Stem Cell Res Ther
Stem cells, in contrast to progenitor cells, harbor the unique ability to divide and generate additional stem cells (self-renew) and to produce progeny that differentiate into tissue-specific cells with defined physiological functions. These properties make embryonic stem (ES) cells, induced pluripotent stem (iPS) cells and tissue-specific adult stem cells (aSCs) well suited for regenerative medicine applications. Nevertheless, the clinical use of ES cells, iPS cells, and aSCs for cell-based therapies is hindered by a number of critical hurdles. This paper discusses the solution for one of those hurdles - the creation of an engineered stem cell microenvironment or niche that allows scientists to determine how the cell environment affects the properties of the cell, providing tools for the physician-scientist to regulate stem cell behavior in patients for cell-based therapies.
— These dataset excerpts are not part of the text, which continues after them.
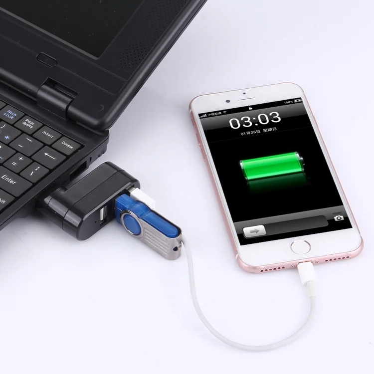 180 Degree Rotation USB Head 3 Ports USB 2.0 Portable HUB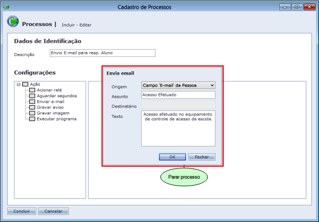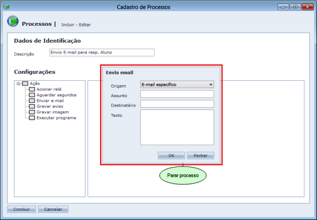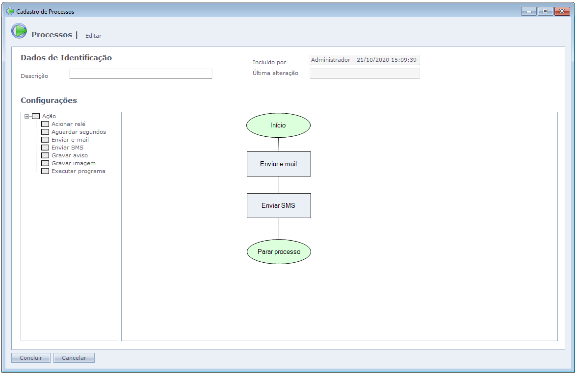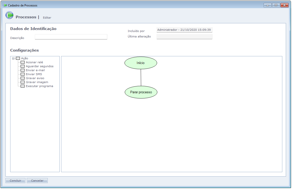 É nesta tela que podemos Incluir, Alterar ou Excluir processos no software. É nos processos que configuramos as ações que serão efetuadas neste: Acionar relé, Enviar e-mail, Enviar SMS entre outros.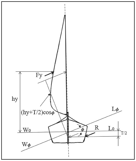 The calculation of the heeling arm relates to force Fy = pyAy, where py is the wind pressure, and Ay is the area of the sail (Figure 9). The force Fy tends to heel and drift the ship but is opposed by force R, which is equal to Fy. R acts at the half-draft T/2, where torque is developed until the heeling moment equals the righting moment. The heeling arm varies with the heeling angle where the area exposed to the wind varies proportionally to cosϕ parallel to the inclined plane WθLθ and is expressed in the Equation (11):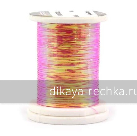 Плоский полупрозрачный люрекс с опаловым отливом, дающим переливающийся эффект в зависимости от угла падения света.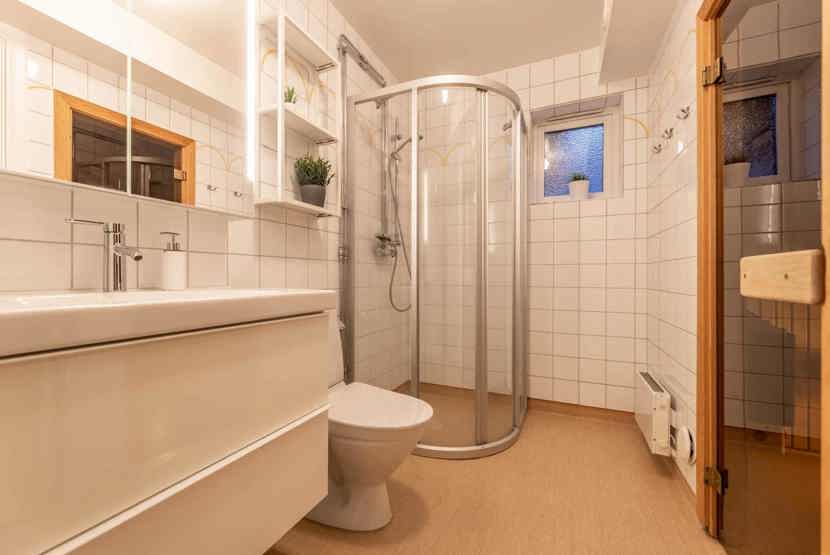 Badeværelset-1 = bruse/wc. Badeværelset-2 = bruse/wc/sauna.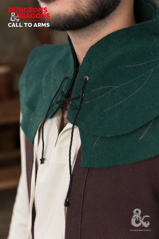 The D&D Druid Pelerine embodies the harmony between druidic magic and the wilderness. This vest features a wool pelerine in a leaf shape, evoking the imagery of ancient forests and natural splendor. The lacing at the center front not only adds a touch of authenticity but also allows for a secure and customizable fit. Decorative leaf stitchings enhance the pelerine’s natural appeal, making it the perfect finishing touch for a druid’s attire.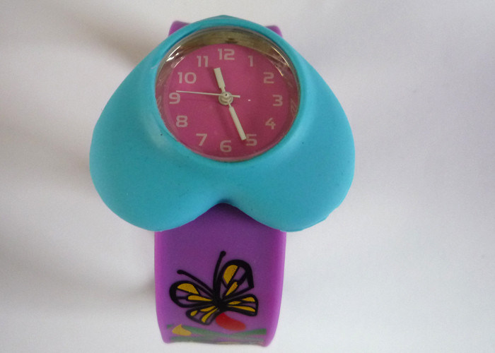 ব্লু হার্ট কেস বেগুনি প্রজাপতি সিলিকন চড় wristband ভাস্বর গুঁড়া দিয়ে ঘড়ি

In the body, tissue homeostasis is established and maintained by resident tissue-specific adult stem cells (aSCs). Through preservation of bidirectional communications with the surrounding niche and integration of biophysical and biochemical cues, aSCs actively direct the regeneration of aged, injured and diseased tissues. Currently, the ability to guide the behavior and fate of aSCs in the body or in culture after prospective isolation is hindered by our poor comprehension of niche composition and the regulation it imposes. Two-and three-dimensional biomaterials approaches permit systematic analysis of putative niche elements as well as screening approaches to identify novel regulatory mechanisms governing stem cell fate. The marriage of stem cell biology with creative bioengineering technology has the potential to expand our basic understanding of stem cell regulation imposed by the niche and to develop novel regenerative medicine applications.